Disulfidptosis‐related PABPC3 promotes tumor progression and inhibits immune activity in osteosarcoma

Background Osteosarcoma is a very aggressive bone tumor mainly affecting teens and young adults. Disulfidptosis is a metabolic‐related form of regulated cell death. However, the interconnection between disulfidptosis and osteosarcoma has not been explored. Methods In the present study, disulfidptosis‐related clusters were identified in osteosarcoma using the nonnegative matrix factorization clustering method. PABPC3 was identified as a hazardous gene in osteosarcoma using machine learning algorithms, CoxBoost, and Random Survival Forest. The prognostic value, pathway annotation, immune characteristics, and drug prediction of PABPC3 were systematically explored. MTT (i.e., 3‐(4, 5‐dimethyl thiazol‐2‐yl)‐2,5‐diphenytetrazolium bromide), EdU (ie. 5‐ethyny‐2'‐deoxvuridine), and Transwell assays were used for in vitro validation of PABPC3. Results The disulfidptosis‐related clusters could distinguish survival outcomes of osteosarcoma patients. PABPC3 could predict survival outcomes, immune activity, and drug response in osteosarcoma patients. Besides, PABPC3 was proven to facilitate the proliferation and migration of osteosarcoma. Conclusions The present study is expected to establish the bridge between disulfidptosis and osteosarcoma. PABPC3 is expected to be further explored as a therapeutic target in osteosarcoma.
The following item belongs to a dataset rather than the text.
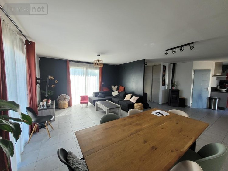 PAVILLON PLAIN-PIED INTEGRAL de 2014 offrant salon/séjour poêle à pellet, cuisine aménagée/équipée, trois chambres, salle d'eau, buanderie. Garage. Terrain clos de 589 m²

In the present study, disulfidptosis‐related clusters were identified in osteosarcoma using the non‐negative matrix factorization clustering method. PABPC3 was identified as a hazardous gene in osteosarcoma using machine learning algorithms, CoxBoost and random survival forest. The prognostic value, pathway annotation, immune characteristics and drug prediction of PABPC3 were systematically explored. MTT (i.e. 3‐(4, 5‐dimethyl thiazol‐2‐yl)‐2,5‐diphenyl tetrazolium bromide), EdU (i.e. 5‐ethynyl‐2′‐deoxyuridine) and transwell assays were used for in vitro validation of PABPC3. PABPC3 was confirmed to facilitate the proliferation and migration of osteosarcoma.